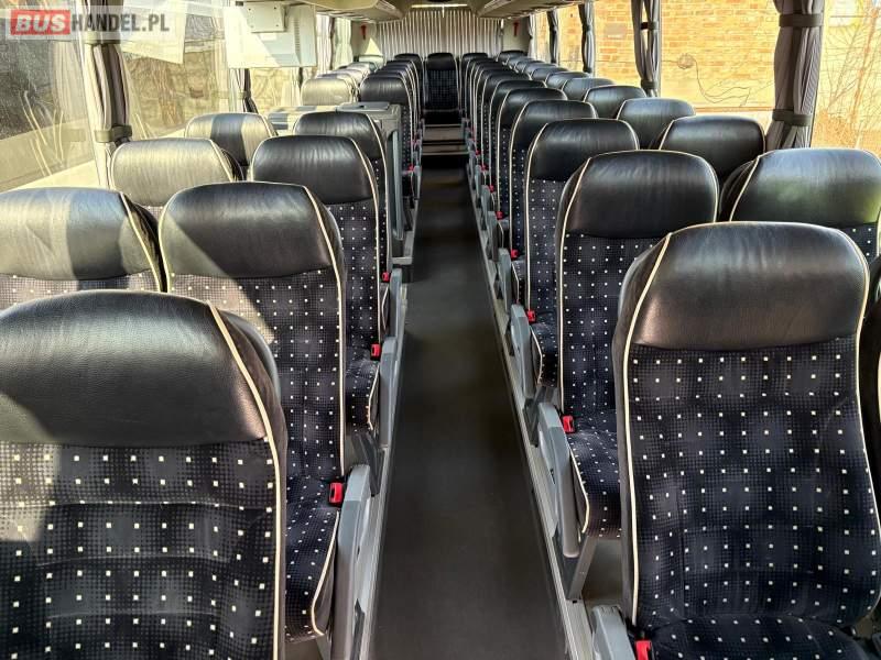 : video, WC, lodówka, caffebar, kabina sypialna, oświetlenie indywidualne, nawiewy dyszowe, siateczki, ABS, ASR, tempomat, retarder, CD, podnóżki, stoliczki, mikrofon, klimatyzacja, radio, regulacja wysokości nadwozia, centralny zamek, podwójne szyby boczne, wspomaganie kierownicy, elektryczne lusterka, fotele odchylane i rozsuwane, DVD, ogrzewanie stacjonarne, ESP
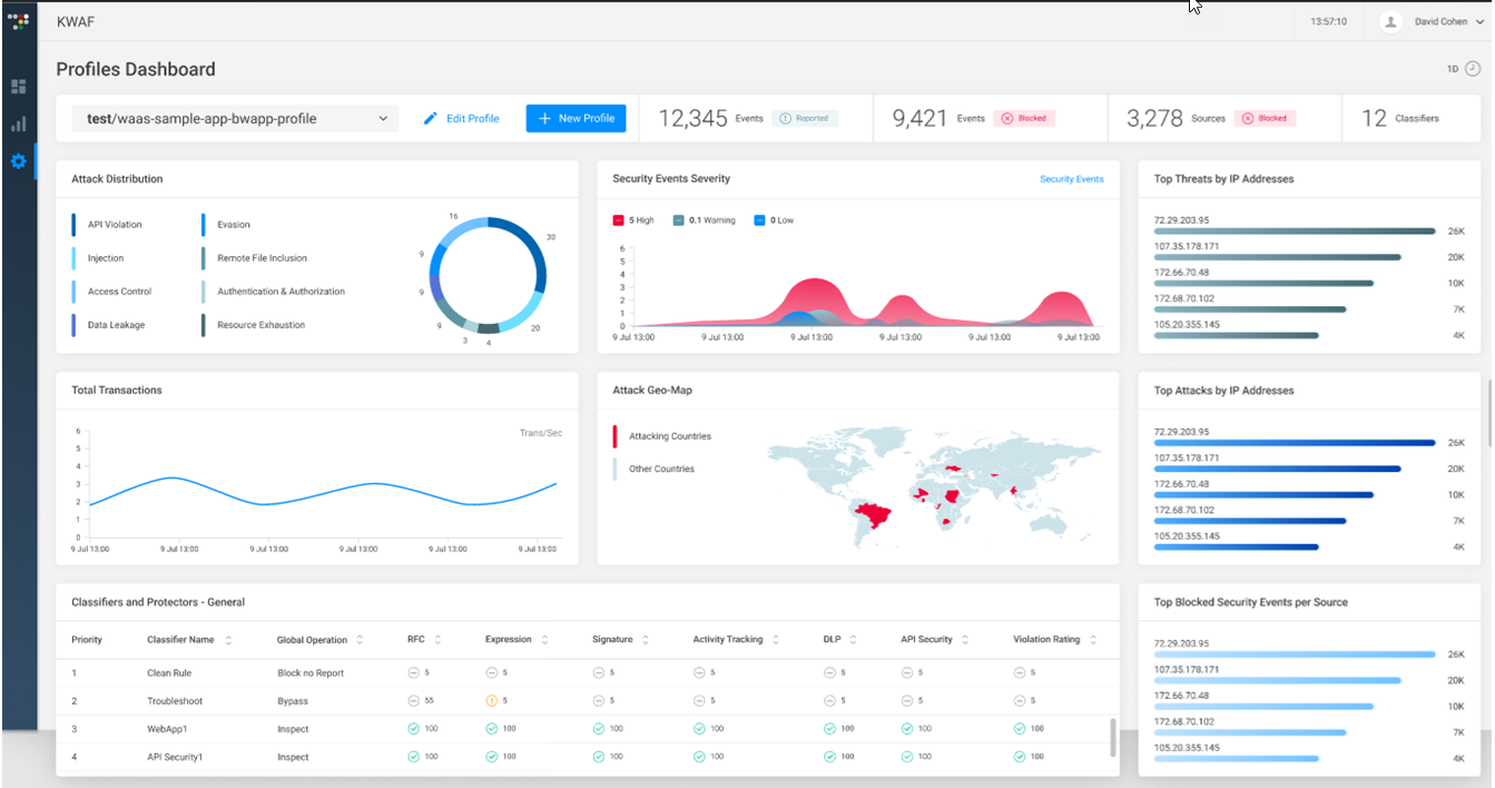 Classifiers and Protectors – General – provides a consolidated view of your profile. It displays a table prioritizing and listing the classifiers and their global operation (block, report, bypass or inspect) and the protections (RFC, Expression, Signature, Activity Tracking, DLP, API Security, and Violation Rating) for each classifier.
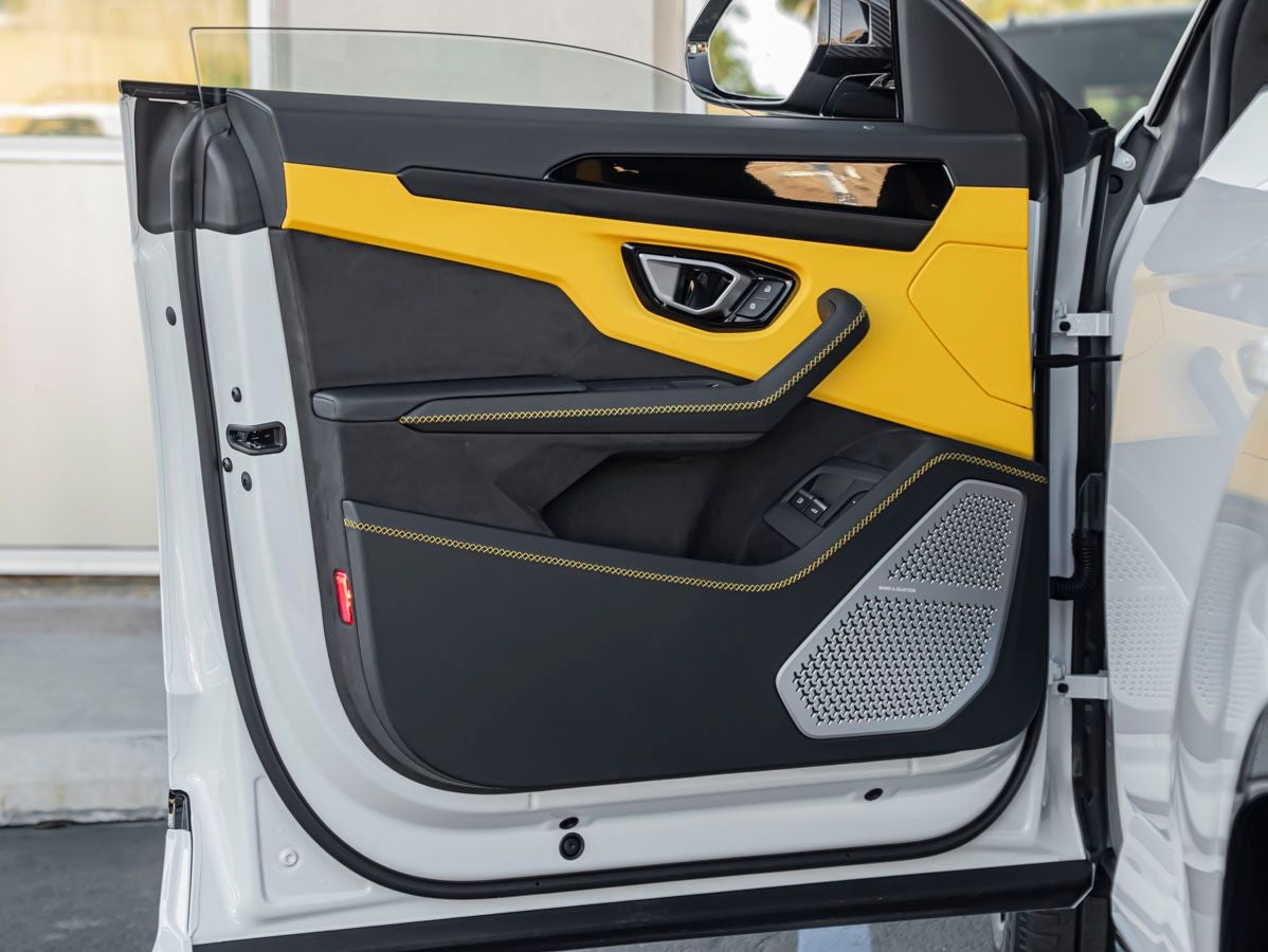 Step inside and the Bicolor Leather Interior with Nero Ade / Giallo Taurus envelops you in modern Italian craftsmanship. Details such as Contrast Stitching, Embroidered Lamborghini Shield, and Seat Belts in Giallo Taurus elevate the cabins bespoke feel. The Full Electric Front Seats, Floor Mats with Leather Piping, and Performante Leather Seats ensure both comfort and sportiness, while the Advanced 3D Bang and Olufsen Sound System delivers an immersive audio experience.
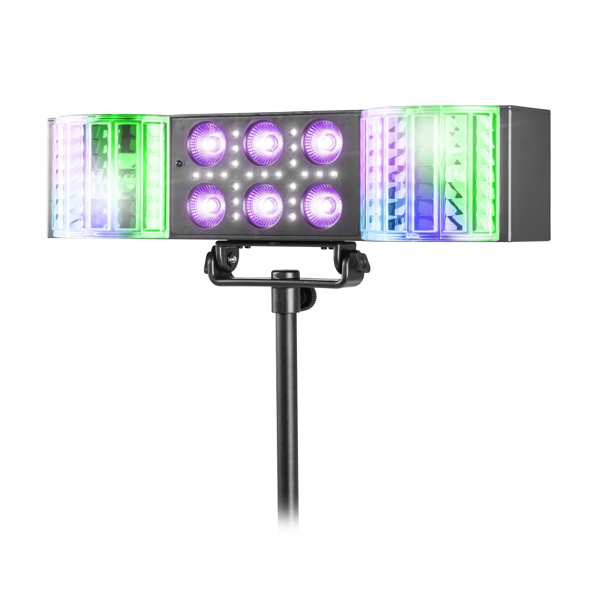 • Flera ljuseffekter i ett: derby, PAR, UV och strobe
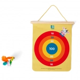 Táto klasická šípkarská hra v detskom podaní prináša bezpečné a chytľavé súperenie doma aj v škôlke. Obojstranný závesný terč (40 × 31 cm) ponúka dve herné plochy pre viac variantov hry a dlhšiu zábavu. Farebné perové šípky s magnetickou špičkou sa ľahko prichytia na terč a sú vhodné pre malých hráčov.
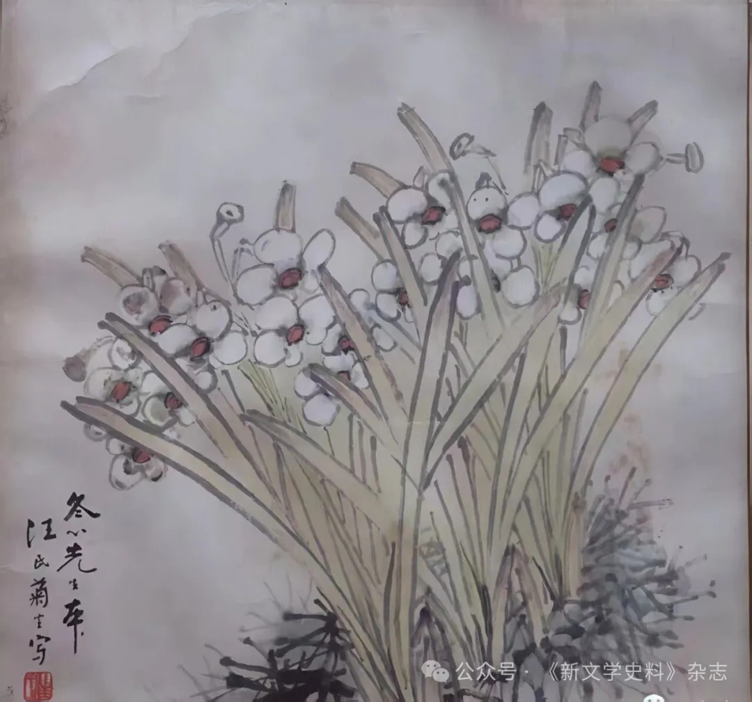 汪曾祺父親汪菊生是位眼科醫生,家鄉流傳著他許多醫者仁心的故事,且多才多藝,亦是一位畫家,我于偶然中得到一幅他畫的“水仙圖”。
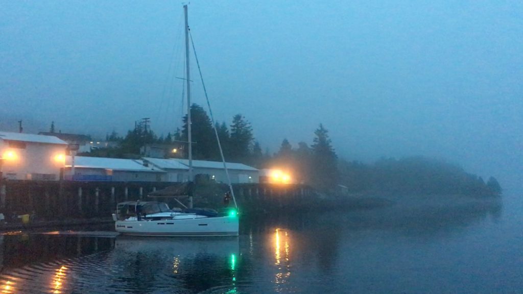 We navigated in the dark and fog for a while, sometimes dodging a new log every 5-10 seconds, until we made it into Milbanck Sound where we found no real wind, maybe 5 knots. There was a bit of swell but nothing much. We rounded the point and headed west into the channel toward Shearwater, with following seas and light wind from behind, arriving in Shearwater about noon. We tied up to the dock, hooked up to power, and sat back for few minutes to relax. We also discovered that Sea Pie, and later Lori Lee were in Shearwater at the same time which was super fun.
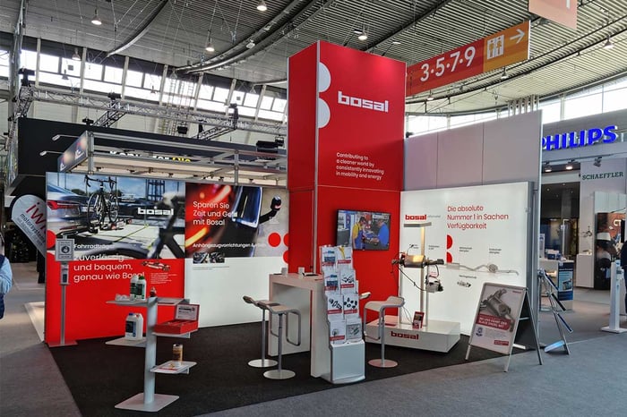 Um das neue Design der Bosal Group in den Fokus zu setzen, wurden mit Hilfe des modularen Rahmensystems die Seitenwände hinterleuchtet. Ein 5 Meter hoher Turm mit integrierter Kabine zieht die Aufmerksamkeit der Messebesucher auf sich. Dieser enthielt einen 55-Zoll-Flatscreen mit 4K-Auflösung für die perfekte Darstellung von Unternehmenspräsentationen.
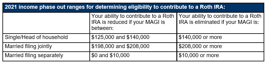 You can contribute to a Roth IRA if your MAGI is within certain limits. For 2021, if you file your federal tax return as single or head of household, you can make a full Roth contribution if your income is $125,000 or less. Your maximum contribution is phased out if your income is between $125,000 and $140,000, and you can’t contribute at all if your income is $140,000 or more. Similarly, if you’re married and file a joint federal tax return, you can make a full Roth contribution if your income is $198,000 or less. Your contribution is phased out if your income is between $198,000 and $208,000, and you can’t contribute at all if your income is $208,000 or more. If you’re married filing separately, your contribution phases out with any income over $0, and you can’t contribute at all if your income is $10,000 or more.
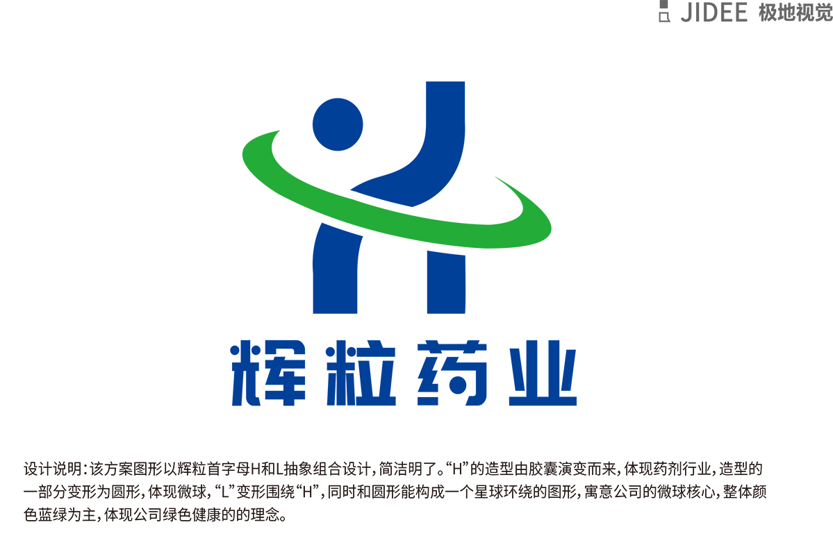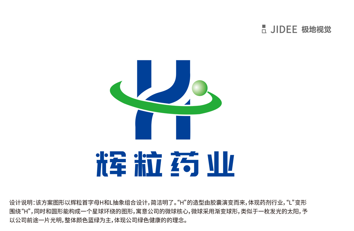 輝粒藥業(yè)logo 設(shè)計(jì)方案以輝粒首字母H和L抽象組合設(shè)計(jì),簡潔名了,H 的造型由膠囊演變而成,體現(xiàn)藥劑行業(yè),造型的的一部分變形為圓形,體現(xiàn)微球,L變形圍繞H,同時(shí)和圓形能構(gòu)成一個(gè)星球環(huán)繞的圖形,寓意公司的微球核心,整體顏色以藍(lán)綠為主,體現(xiàn)公司綠色健康的理念。

▬▬▬

The output must be every line of the records, printed exactly, with the pictures omitted.

 : video, WC, lodówka, caffebar, kabina sypialna, oświetlenie indywidualne, nawiewy dyszowe, siateczki, ABS, ASR, tempomat, retarder, CD, podnóżki, stoliczki, mikrofon, klimatyzacja, radio, regulacja wysokości nadwozia, centralny zamek, podwójne szyby boczne, wspomaganie kierownicy, elektryczne lusterka, fotele odchylane i rozsuwane, DVD, ogrzewanie stacjonarne, ESP
 Classifiers and Protectors – General – provides a consolidated view of your profile. It displays a table prioritizing and listing the classifiers and their global operation (block, report, bypass or inspect) and the protections (RFC, Expression, Signature, Activity Tracking, DLP, API Security, and Violation Rating) for each classifier.
 Step inside and the Bicolor Leather Interior with Nero Ade / Giallo Taurus envelops you in modern Italian craftsmanship. Details such as Contrast Stitching, Embroidered Lamborghini Shield, and Seat Belts in Giallo Taurus elevate the cabins bespoke feel. The Full Electric Front Seats, Floor Mats with Leather Piping, and Performante Leather Seats ensure both comfort and sportiness, while the Advanced 3D Bang and Olufsen Sound System delivers an immersive audio experience.
 • Flera ljuseffekter i ett: derby, PAR, UV och strobe
 Táto klasická šípkarská hra v detskom podaní prináša bezpečné a chytľavé súperenie doma aj v škôlke. Obojstranný závesný terč (40 × 31 cm) ponúka dve herné plochy pre viac variantov hry a dlhšiu zábavu. Farebné perové šípky s magnetickou špičkou sa ľahko prichytia na terč a sú vhodné pre malých hráčov.
 汪曾祺父親汪菊生是位眼科醫生,家鄉流傳著他許多醫者仁心的故事,且多才多藝,亦是一位畫家,我于偶然中得到一幅他畫的“水仙圖”。
 We navigated in the dark and fog for a while, sometimes dodging a new log every 5-10 seconds, until we made it into Milbanck Sound where we found no real wind, maybe 5 knots. There was a bit of swell but nothing much. We rounded the point and headed west into the channel toward Shearwater, with following seas and light wind from behind, arriving in Shearwater about noon. We tied up to the dock, hooked up to power, and sat back for few minutes to relax. We also discovered that Sea Pie, and later Lori Lee were in Shearwater at the same time which was super fun.
 Um das neue Design der Bosal Group in den Fokus zu setzen, wurden mit Hilfe des modularen Rahmensystems die Seitenwände hinterleuchtet. Ein 5 Meter hoher Turm mit integrierter Kabine zieht die Aufmerksamkeit der Messebesucher auf sich. Dieser enthielt einen 55-Zoll-Flatscreen mit 4K-Auflösung für die perfekte Darstellung von Unternehmenspräsentationen.
 You can contribute to a Roth IRA if your MAGI is within certain limits. For 2021, if you file your federal tax return as single or head of household, you can make a full Roth contribution if your income is $125,000 or less. Your maximum contribution is phased out if your income is between $125,000 and $140,000, and you can’t contribute at all if your income is $140,000 or more. Similarly, if you’re married and file a joint federal tax return, you can make a full Roth contribution if your income is $198,000 or less. Your contribution is phased out if your income is between $198,000 and $208,000, and you can’t contribute at all if your income is $208,000 or more. If you’re married filing separately, your contribution phases out with any income over $0, and you can’t contribute at all if your income is $10,000 or more.
 輝粒藥業(yè)logo 設(shè)計(jì)方案以輝粒首字母H和L抽象組合設(shè)計(jì),簡潔名了,H 的造型由膠囊演變而成,體現(xiàn)藥劑行業(yè),造型的的一部分變形為圓形,體現(xiàn)微球,L變形圍繞H,同時(shí)和圓形能構(gòu)成一個(gè)星球環(huán)繞的圖形,寓意公司的微球核心,整體顏色以藍(lán)綠為主,體現(xiàn)公司綠色健康的理念。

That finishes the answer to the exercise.